My website https://yintrust.com uses a Let’s Encrypt certificate, which works fine in any browser, but starting from last month, The certificate is not signed by a trusted authority is displayed on the Android 6.0.1 browser. This is weird, it was displaying fine before and suddenly it has problems. For testing, I have another website https://howiezhao.com, which also uses Let’s Encrypt’s certificate, but it displays fine on Android 6.0.1 browser without any security issues. This confuses me. They are both Let’s Encrypt certificates. Why can one website display normally but the other cannot? Can anyone help me? Thanks
Please fill out the fields below so we can help you better. Note: you must provide your domain name to get help. Domain names for issued certificates are all made public in Certificate Transparency logs (e.g. crt.sh | example.com), so withholding your domain name here does not increase secrecy, but only makes it harder for us to provide help.

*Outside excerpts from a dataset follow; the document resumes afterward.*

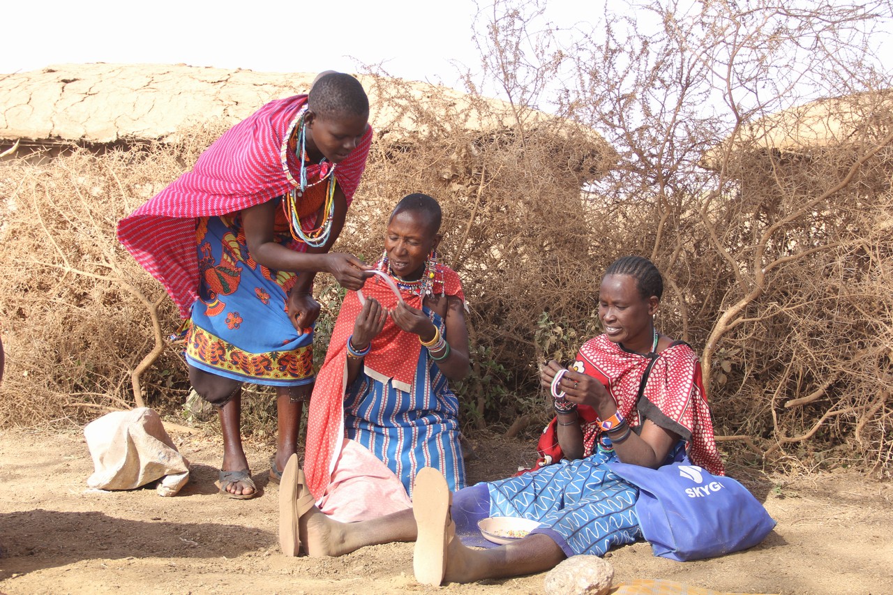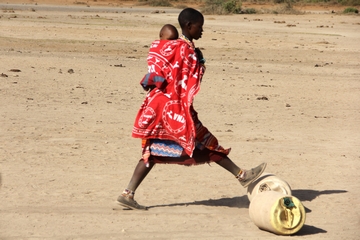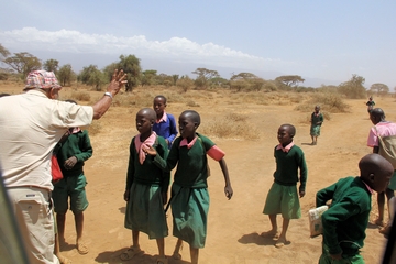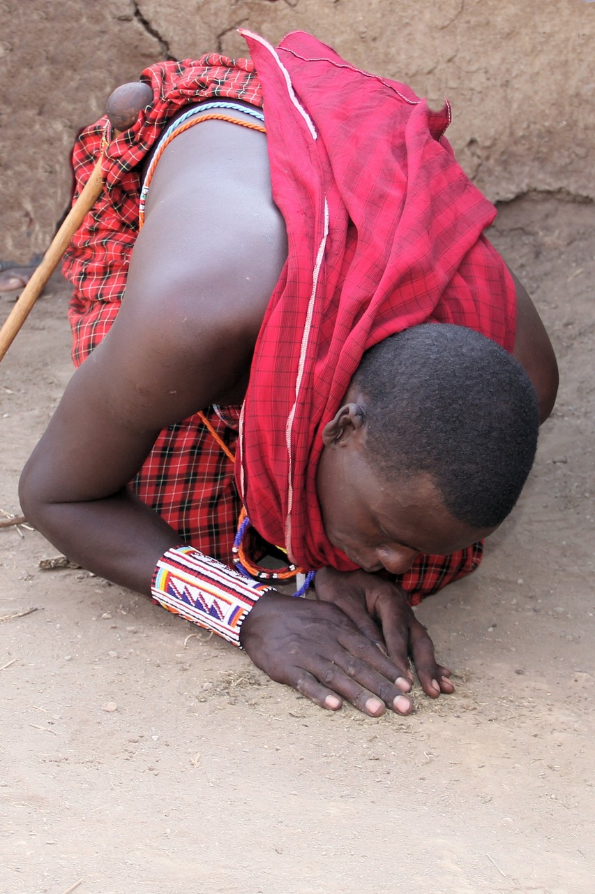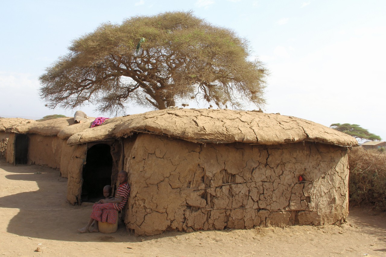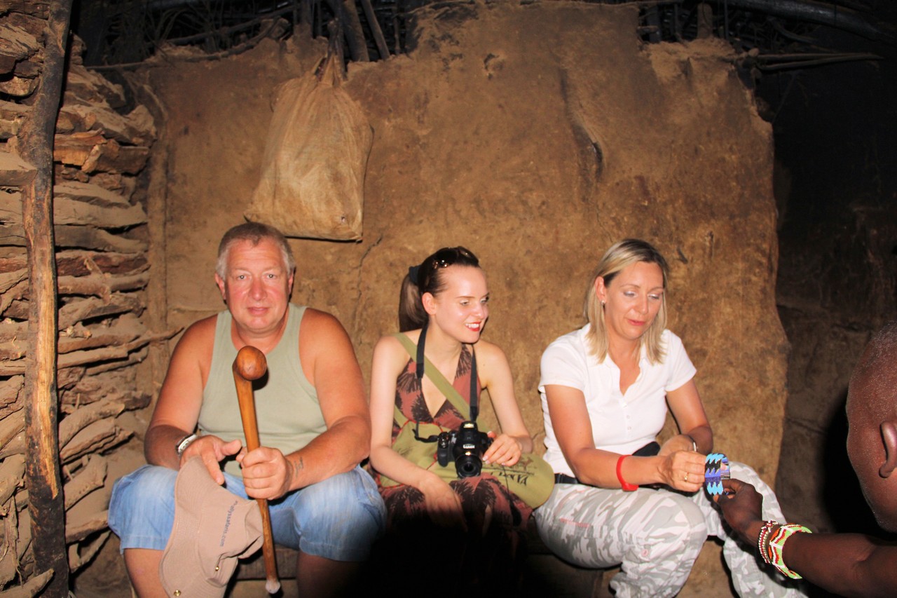 | Auf unserer Reise lag auch ein Zwischenstopp bei den Massai. Die flachen Hütten sind aus Kuhdung und Zweigen gefertigt. Das ist die typische Bauweise der Massai. Wie auf den Bildern zu sehen ist, gibt es eine strenge Anzugsordnung. So z.B. eine einheitliche Schulkleidung. Im Alltag tragen die Massai rote Gewänder und zu festlichen Anlässen grüne. Als wir ankamen, wurden wir vom gesamten Dorf empfangen. Ich sah aber auf meiner gesamten Tour keinen alten Massai. Ein interessantes Erlebnis war der Besuch solch einer Kuhdung-Hütte. Wir zwängten uns durch einen schmalen Eingang, bei dem ich schon fast stecken blieb. Im Hauptraum angekommen, mussten wir uns setzen. Voller Stolz zeigte uns der Massai sein Reich. Der Hauptraum war ca. 9 Quadratmeter groß. In der Mitte befand sich eine Feuerstelle, welche zum Glück aus war. Der Raum war von beißendem Qualm gefüllt - und das bei erloschenem Feuer. An der Seite befand sich ein Loch, durch welches höchstens die Faust eines erwachsenen Mannes passte. In der Decke befand sich eben solch Loch zum Rauch abziehen. Hinter der Wand war noch ein kleiner Raum. Dort schlief der Massai mit seinen 2 Frauen. Auf der anderen Seite war noch ein kleinerer Raum, der diente als Schlafstätte der Kinder. |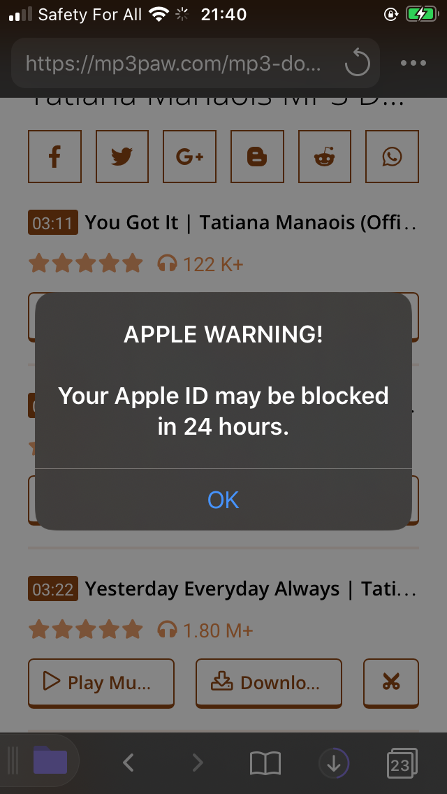 If you provided your Apple ID and password at the bogus site, change your password immediately.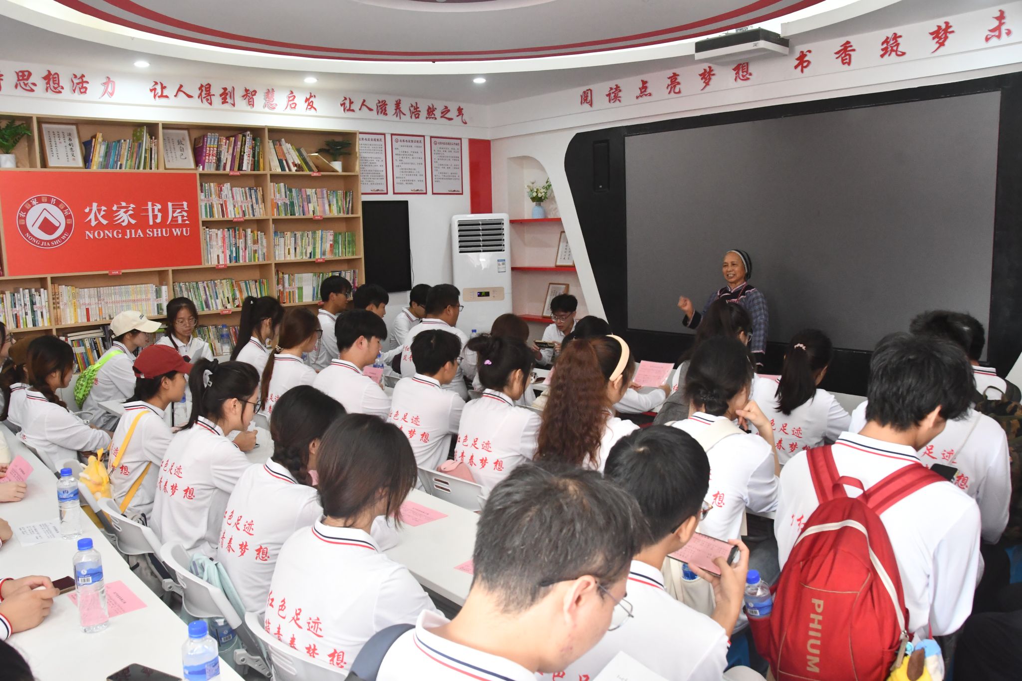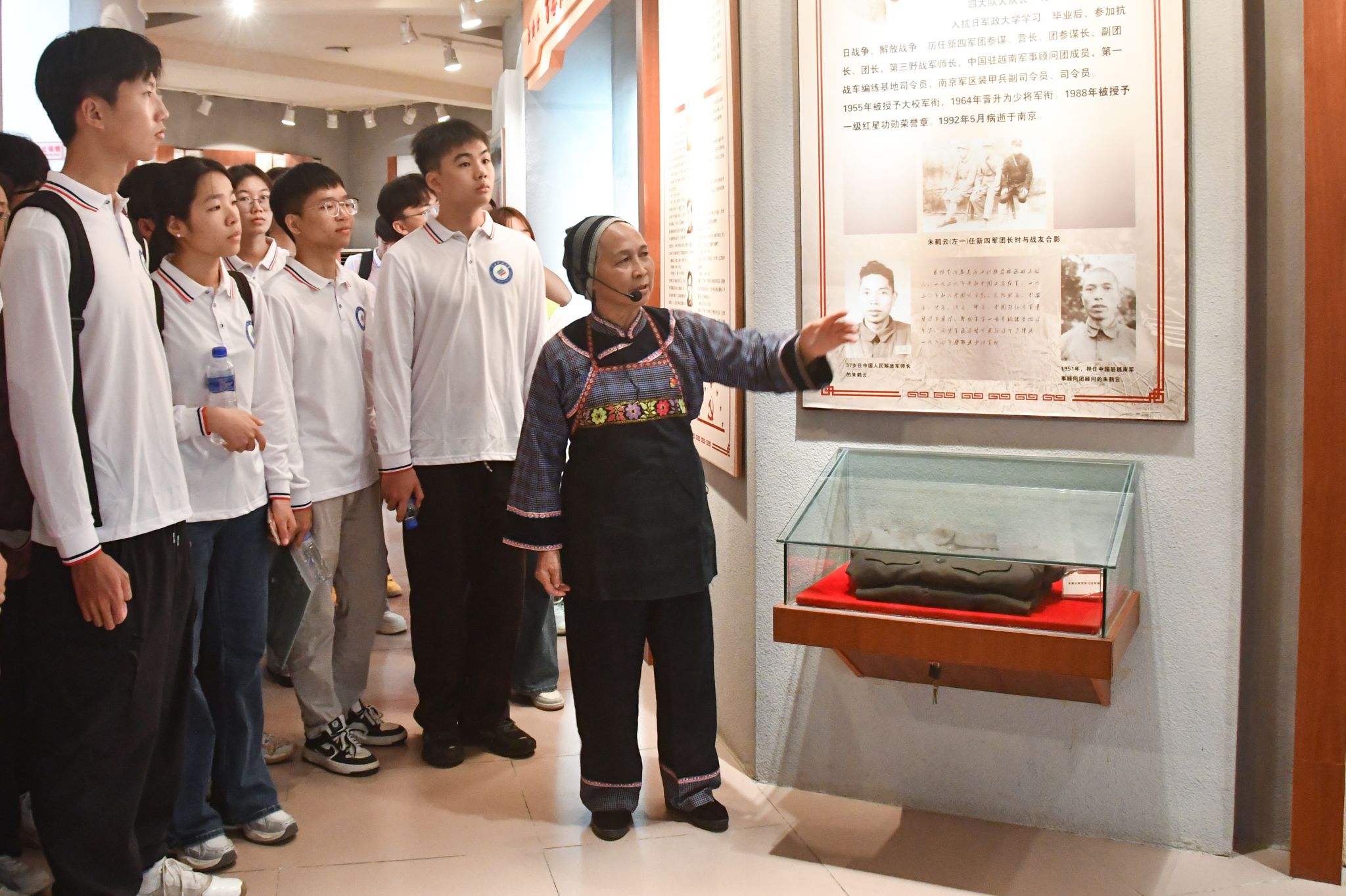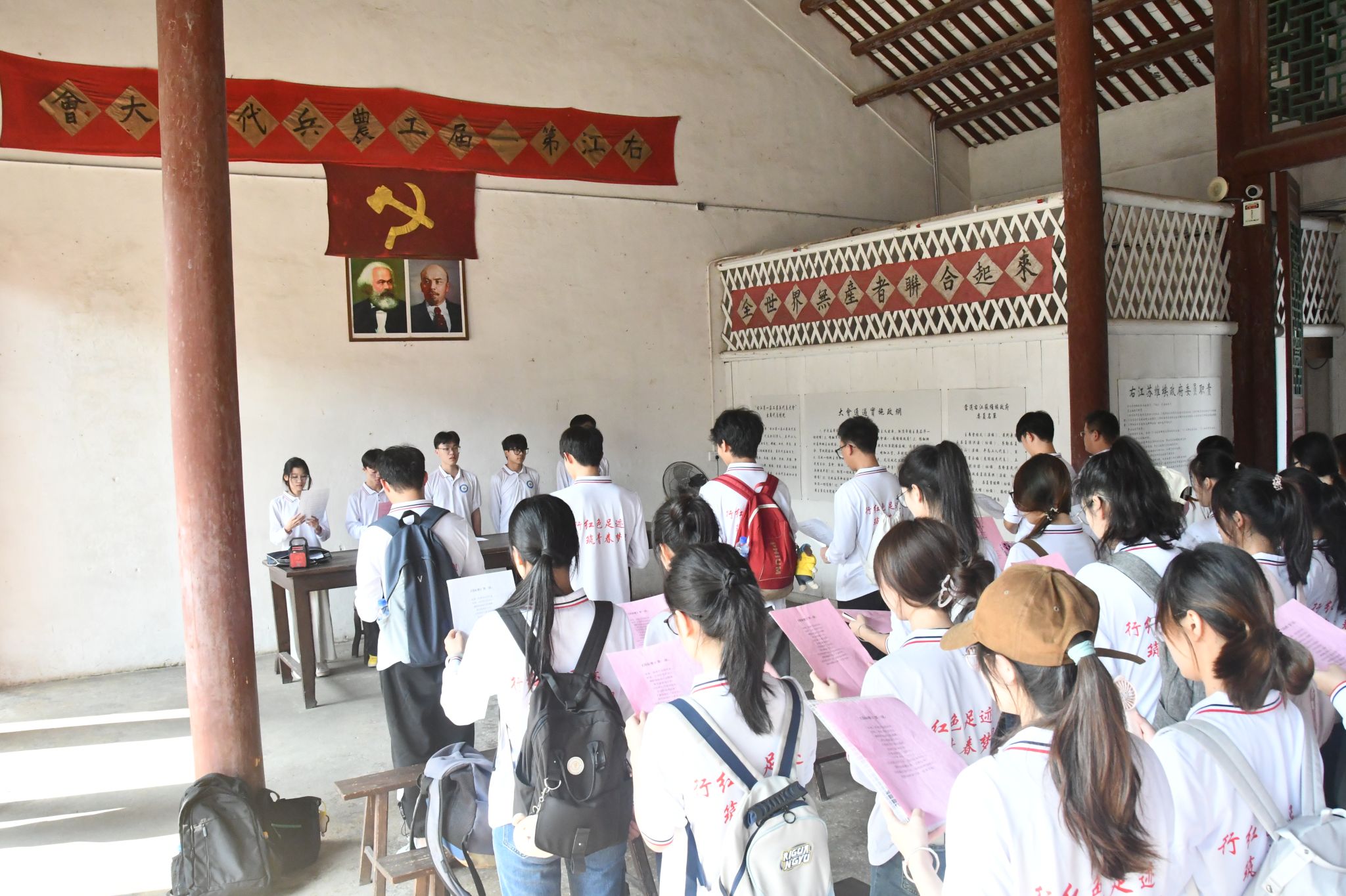 16日上午,研學隊伍前往百色市田東縣百谷紅軍村?!凹t軍后人”談志玲講述百谷紅軍故事、高唱紅歌、帶領同學們參觀紅軍學校,生動形象地講述了百谷村“敢作敢為、大膽探索、勇立時代潮頭,一路篳路藍縷、艱苦創業、勇毅前行”的歷史。

The site that fails is using the "short" certificate chain. The site that works has the normal long chain. There was an error on Nov13 when yintrust was renewed that caused this. Just renewing yintrust cert should fix that. You can see the cert that your site uses with a website like https://decoder.link/sslchecker/yintrust.com/443
Note the longer chain will be expiring and not available starting early next year. If you need to support older Android please follow the next link for instructions and guidance
Thanks, guys, I updated the website certificate and it's working now. I read that article, so if we want to use Let’s Encrypt certificates on Android 6.0.1 next year, we will have to use Firefox Mobile? Will systems after Android 7.0 be unaffected?
While you probably do not control the Android devices used by your site's vistors, you might want to encourage any of your vistors that are using Android versions older than 11 to upgrade as they no longer receive security updates.